Description Details Usage Arguments Methods See Also Examples

The entry point of any contextual simulation.

A Simulator takes, at a minimum, one or more Agent instances, a horizon (the length of an individual simulation, t = {1, ..., T}) and the number of simulations (How many times to repeat each simulation over t = {1, ..., T}, with a new seed on each repeat*).

It then runs all simulations (in parallel by default), keeping a log of all Policy and Bandit interactions in a History instance.

* Note: to be able to fairly evaluate and compare each agent's performance, and to make sure that simulations are replicable, for each separate agent, seeds are set equally and deterministically for each agent over all horizon x simulations time steps.
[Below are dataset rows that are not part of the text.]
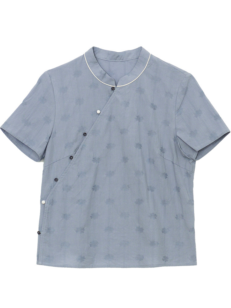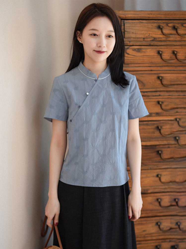 前世今生复古文艺轻中式 21CXA 247 风清花静 立领斜襟衬衫
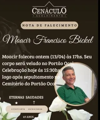 Cenáculo Acolhimento, familiares e amigos, comunicam com pesar, o falecimento de Moacir Francisco Bickel, ocorrido nesta segunda-feira (13), às 17h aos 49 anos, vítima de uma descarga elétrica.
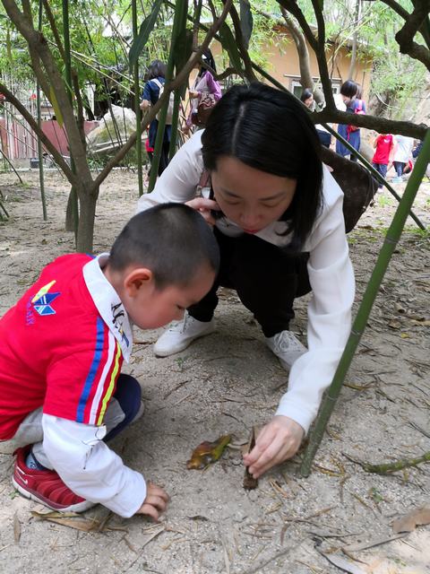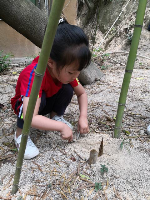 大家收获满满,接着又转战小竹林,找起了熊猫最爱的竹子,小时候的竹子藏在土里,一定要仔细寻找,小心挖掘。
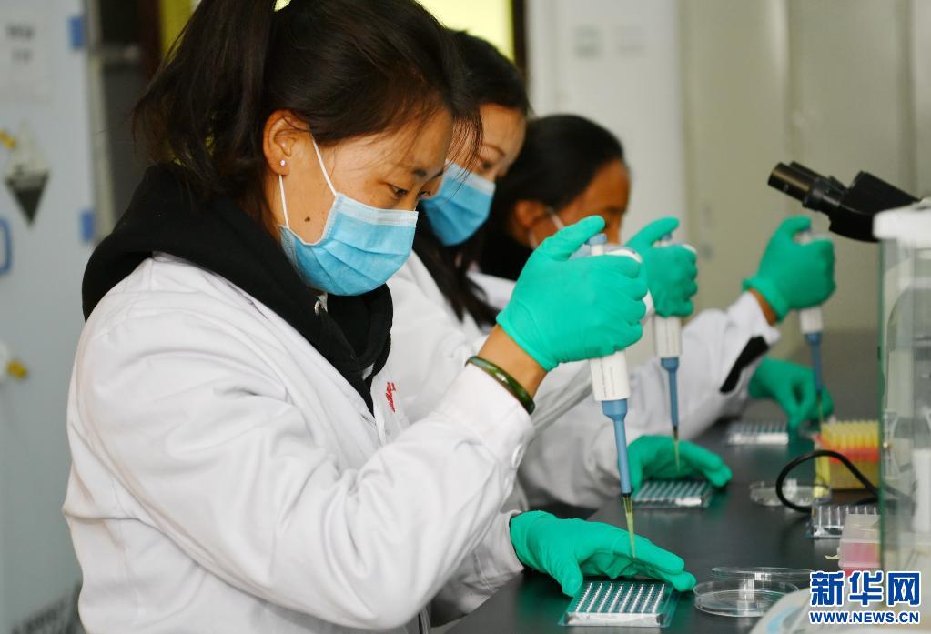 西藏職業(yè)技術(shù)學(xué)院2020屆首屆區(qū)外就業(yè)畢業(yè)生在做實(shí)驗(yàn)(2020年4月9日攝)。 新華社記者 張汝鋒 攝
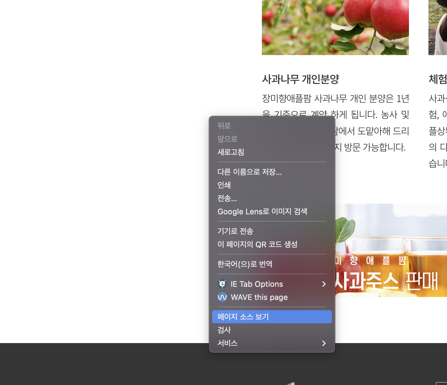1.1 홈페이지에서 오른쪽 마우스 클릭 - 페이지 소스보기
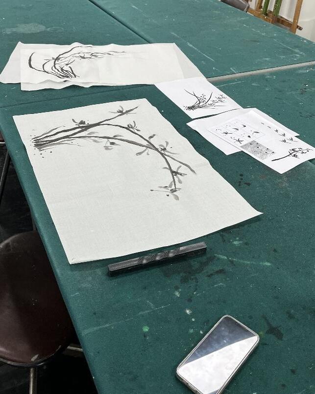 花了一整節課練習後的菊花水墨畫。
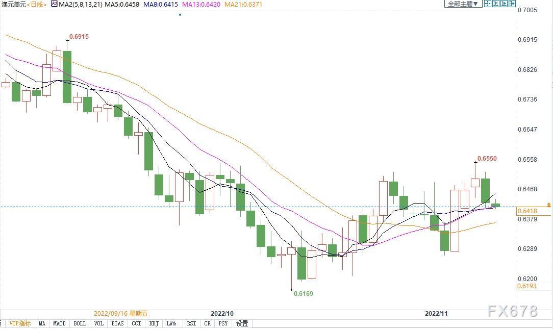 北京时间11月10日14:38,澳元兑美元报0.6419/20
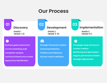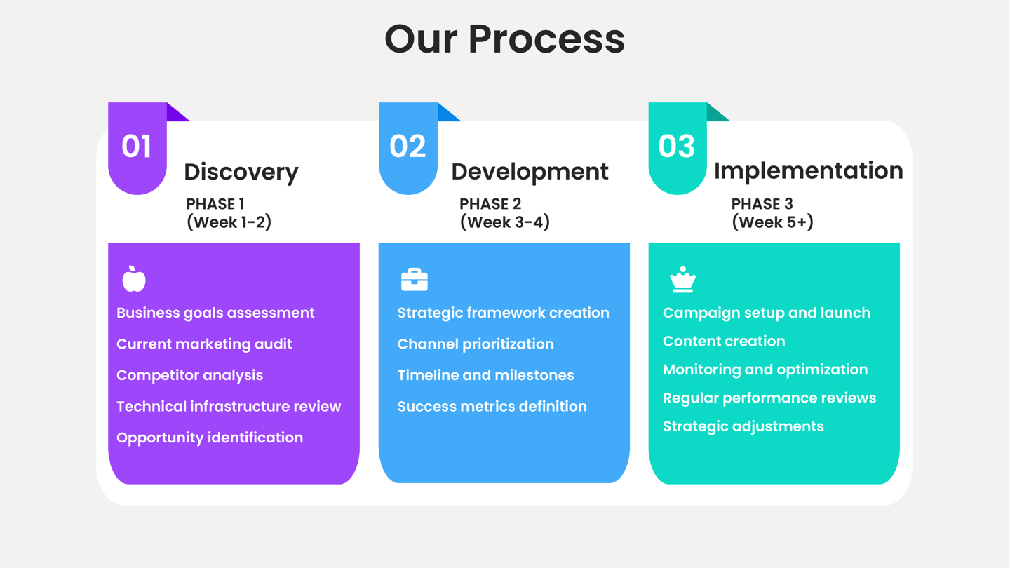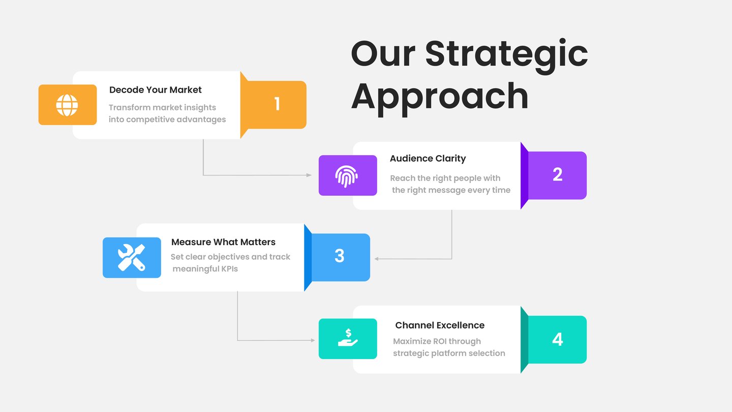 We begin by understanding your market landscape, analyzing competitor strategies, and identifying opportunities for growth. This foundation ensures your strategy is built on solid data rather than assumptions.
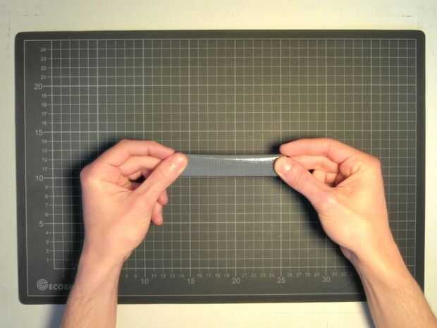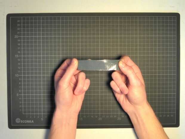 Doblez con el lado adhesivo hacia fuera y coloque los bordes uno sobre otro como para doblar la cinta por la mitad.
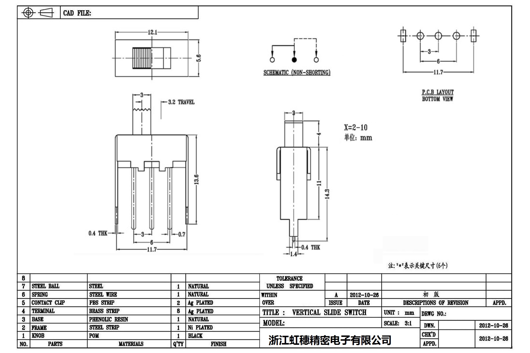 Verticaltoggle switch side dial/ Vertical slide switch technical indicators

contextual diagram: simulator

simulator <- Simulator$new(agents,
                           horizon = 100L,
                           simulations = 100L,
                           save_context = FALSE,
                           save_theta = FALSE,
                           do_parallel = TRUE,
                           worker_max = NULL,
                           set_seed = 0,
                           save_interval = 1,
                           progress_file = FALSE,
                           log_interval = 1000,
                           include_packages = NULL,
                           t_over_sims = FALSE,
                           chunk_multiplier = 1,
                           policy_time_loop = FALSE)

agents: An Agent instance or a list of Agent instances.
horizon: integer. The number of pulls or time steps to run each agent, where t = {1, ..., T}.
simulations: integer. How many times to repeat each agent's simulation over t = {1, ..., T}, with a new seed on each repeat (itself deterministically derived from set\_seed).
save_interval: integer. Write data to historyonly every save_interval time steps. Default is 1.
save_context: logical. Save the context matrices X to the History log during a simulation?
save_theta: logical. Save the parameter list theta to the History log during a simulation?
do_parallel: logical. Run Simulator processes in parallel?
worker_max: integer. Specifies how many parallel workers are to be used. If unspecified, the amount of workers defaults to max(workers_available)-1.
t_over_sims: logical. Of use to, among others, offline Bandits. If t_over_sims is set to TRUE, the current Simulator iterates over all rows in a data set for each repeated simulation. If FALSE, it splits the data into simulations parts, and a different subset of the data for each repeat of an agent's simulation.
set_seed: integer. Sets the seed of R's random number generator for the current Simulator.
progress_file: logical. If TRUE, Simulator writes workers_progress.log, agents_progress.log and parallel.log files to the current working directory, allowing you to keep track of respectively workers, agents, and potential errors when running a Simulator in parallel mode.
log_interval: integer. Sets the log write interval. Default every 1000 time steps.
include_packages: List. List of packages that (one of) the policies depend on. If a Policy requires an R package to be loaded, this option can be used to load that package on each of the workers. Ignored if do_parallel is FALSE.
chunk_multiplier: integer By default, simulations are equally divided over available workers, and every worker saves its simulation results to a local history file which is then aggregated. Depending on workload, network bandwith, memory size and other variables it can sometimes be useful to break these workloads into smaller chunks. This can be done by setting the chunk_multiplier to some integer value, where the number of chunks will total chunk_multiplier x number_of_workers.
policy_time_loop: logical In the case of replay style bandits, a Simulator's horizon equals the number of accepted plus the number of rejected data points or samples. If policy_time_loop is TRUE, the horizon equals the number of accepted data points or samples. That is, when policy_time_loop is TRUE, a Simulator will keep running until the number of data points saved to History is equal to the Simulator's horizon.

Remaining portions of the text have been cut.